In 1986, Maxspid participated in the sixth biennial electrical and electronic technology exhibition at the World Trade Centre in Singapore. With the support of Singapore Trade Development Board, the company also participated in other overseas exhibitions such as the Hanover Fair in Western Germany and the fifth International Building Exhibition in 1987 held at Hong Kong.

Along with five other companies in the lighting industry, Maxspid formed the Singapore Lighting Consortium so as to secure more construction projects. In a The Straits Times article, Wong said that “such alliances enable small and medium enterprises to get a piece of the action without too huge a capital outlay.” This partnership ensures that they can continue to expand and endure in the industry. Wong sits on the management board of the Singapore Lighting Association.

== Products and services ==
Maxspid's produces emergency exit lights, emergency power packs and emergency luminaire. The exit signage luminaries use different types of lamps such as cold cathode fluorescent lamp, light-emitting diode (LED) lamp and fluorescent lamp. They also maintain lighting for some customers.

The company has attained the ISO 9000 certification for its products. Maxspid products also comply with Singapore compulsory standards.

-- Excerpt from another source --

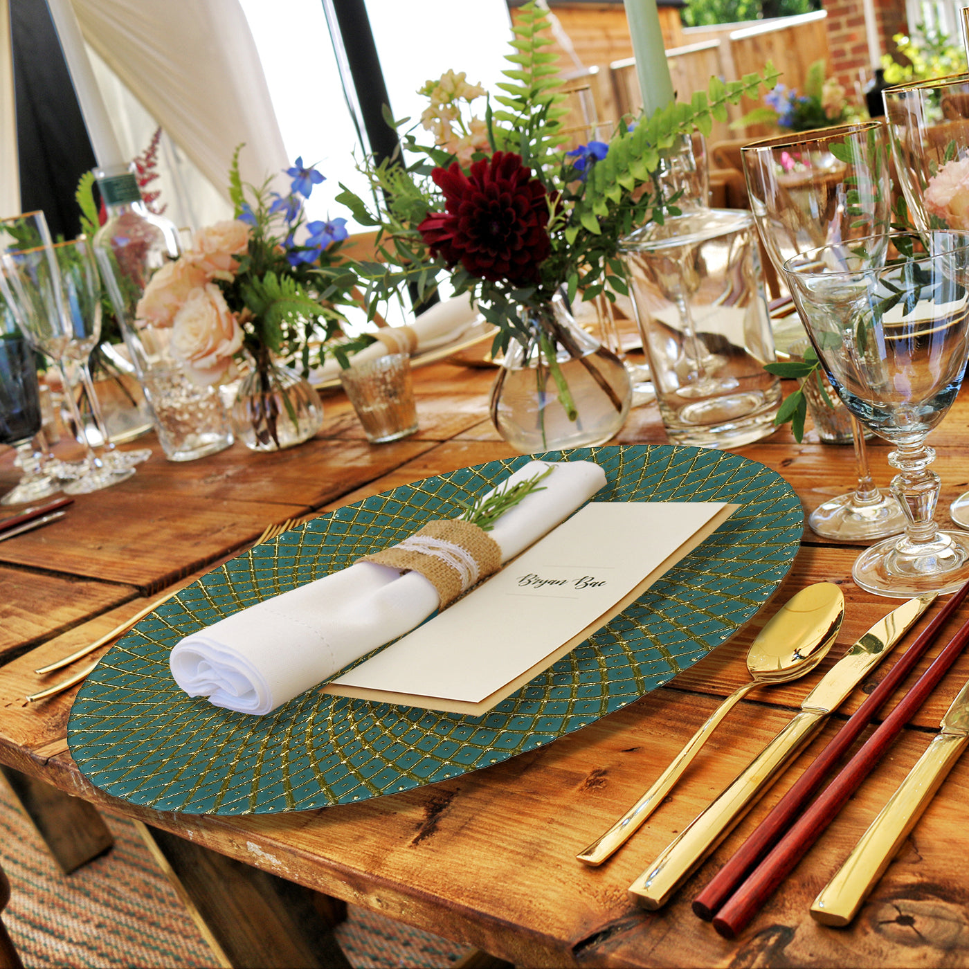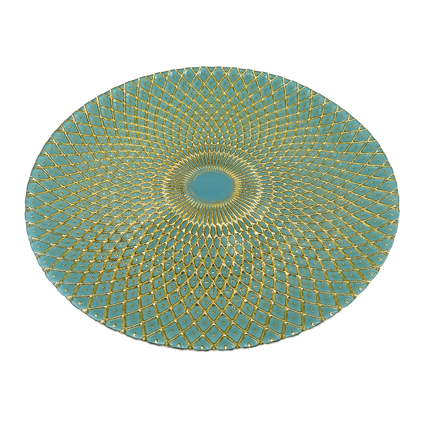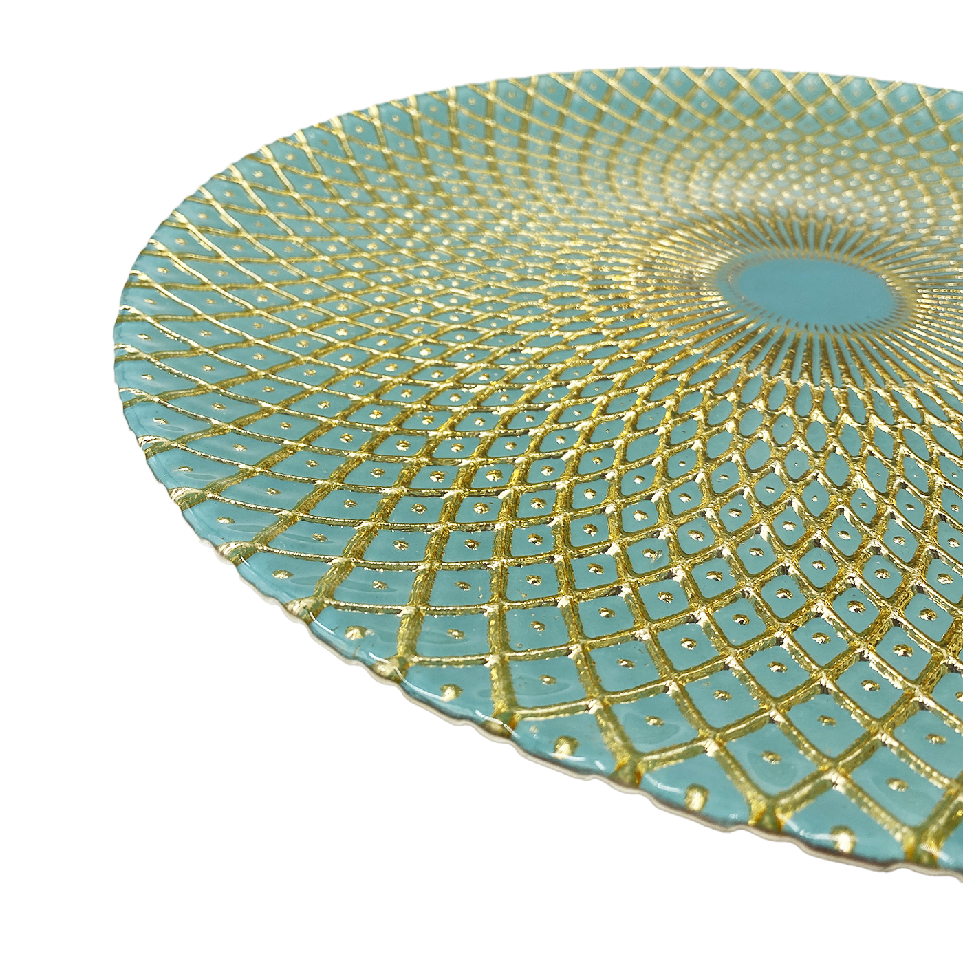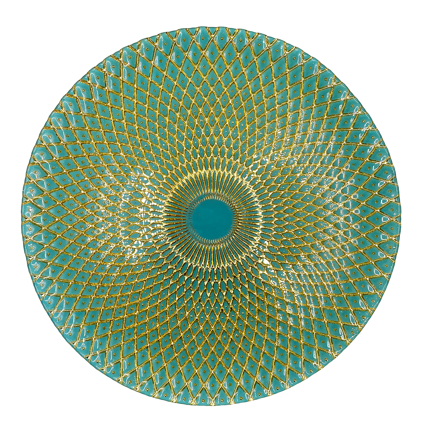 Mandala - Glass Charger Plate in Gold Teal (Item # 0230)

The external design of the exit sign has largely remained the same, featuring a green sign with white letters spelling the letters 'Exit'. There is little room for customization of design when producing these signs as it is strictly regulated by the Singapore Civil Defence Force (SCDF). SCDF set these fire safety standards to ensure that all emergency signs used in Singapore will remain consistent. Despite such constraints, Marxspid has made some improvements in areas such as efficiency.

== Operations ==
The standards required for emergency signs means that differentiating factors between Maxspid's products are minimal, which helps them keep their inventory costs low. To reduce production costs, Mr Jimi Wong moved their manufacturing plant to Petaling Jaya in Malaysia in the 1980s, and again to China in the mid-1990s. Maxspid's Singapore headquarters focuses on research and development and also serves as a distribution point. The company also relies on outsourcing some components to other companies to minimise costs.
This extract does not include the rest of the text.